Dear Dr. Tangherloni and Reviewers,

We sincerely thank you for the time and effort you have dedicated to reviewing our manuscript titled "FM3VCF: A Software Library for Accelerating the Loading of Large VCF Files in Genotype Data Analyses"** (Manuscript ID: PONE-D-24-38236). Your constructive feedback has been invaluable in enhancing the quality and clarity of our work. Below, we provide detailed responses to each of the comments raised by the Academic Editor and the reviewers.

We would like to thank the academic editor and reviewers for recognizing the value of this manuscript. In response, we have made revisions to address the points raised:

1. We have added a more comprehensive review of the related research, covering the background of the study, recent advancements in VCF file processing, and genotype data analysis tools.
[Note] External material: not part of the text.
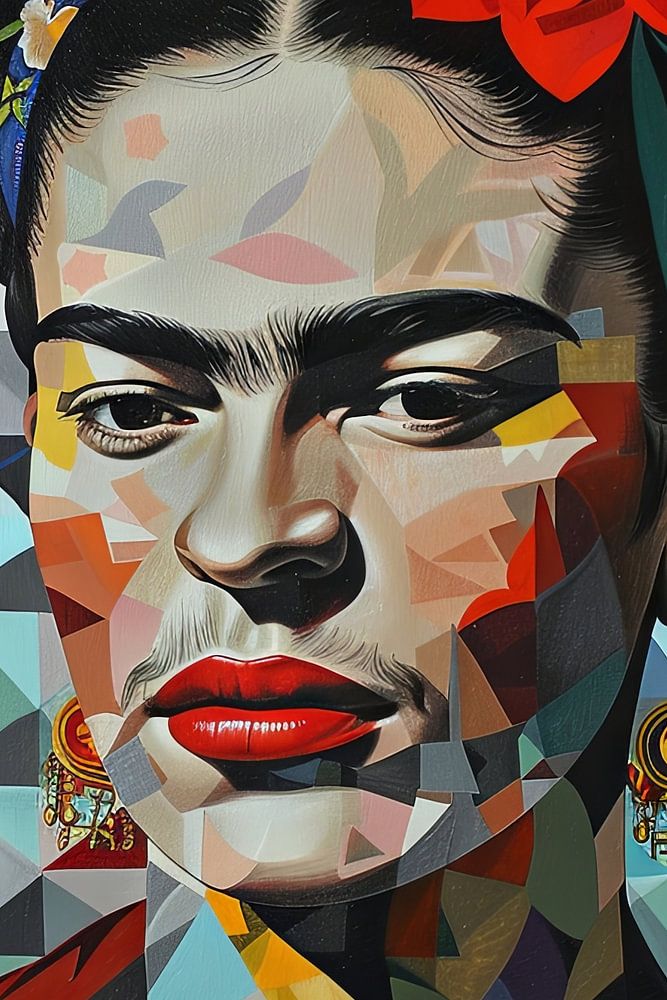 A breathtaking interplay of shapes and colours frames Frida's iconic face in this cubist-inspired portrait. The multi-faceted composition reflects a modern interpretation of her complex personality and legacy. The fresh, vibrant colours bring forth a dynamic energy that captures the eye and invites viewers to explore the complexities of life and art.

2. We have provided a detailed explanation of the unique aspects of FM3VCF, including an introduction to the workflow and theoretical framework, clearly highlighting its novel features and major contributions to the field.

3. We have included additional experiments using more diverse datasets to further validate the effectiveness of our tool.

4. We have conducted a more detailed discussion, analyzing and summarizing the impact of compression parameters such as the number of threads, block size, and file size on the performance of the tool, providing a more comprehensive perspective and guidance for future research.

These improvements aim to bring the manuscript into closer alignment with PLOS ONE’s publication standards.

Responses to Reviewer #1

Reviewer #1 Overall Feedback: The research work lacks sufficient explanation and validation, with the background study falling short of standards. The authors have reviewed a minimal number of papers, resulting in a weak background. Additionally, the discussion and validation of the results are inadequate. The paper fails to address the significance, novelty, and contribution of the study, leading to its rejection. The authors neglected to discuss these critical components, which are essential for the research's credibility and impact.

Comment 1:

The research work lacks sufficient explanation and validation, with the background study falling short of standards. The authors have reviewed a minimal number of papers, resulting in a weak background.

Response:

Thank you for the valuable feedback from the reviewer. We have made significant revisions to strengthen the manuscript.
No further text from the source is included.